Limitation of the study

The number of sample sizes in age groups under 10 years old (13 cases) in boys and over 70 years old (8 cases) in women was under 15 cases.

Conclusion

The GLI reference values are not perfect for the Iranian population, especially in children under 10 years old and females. However, the Z-score of FEV1/FVC matched the predicted value in almost all age groups (except children below 10 years of age).
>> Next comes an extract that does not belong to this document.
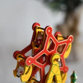 Você se lembrará da sua roda gigante favorita com esta roda de Madeira com detalhes pintados à mão, tocando música Natalina enquanto ele gira.

GLI reference values were appropriate for subjects over 21 years, but their use would overestimate the prevalence of airway obstruction in the Iranian population under 21 years. The results of linear regression models showed that age, height and, gender were crucial for establishing prediction equations of four spirometric measurements, i.e., FEV1/FVC, FVC, FEV1, FEF25–75%.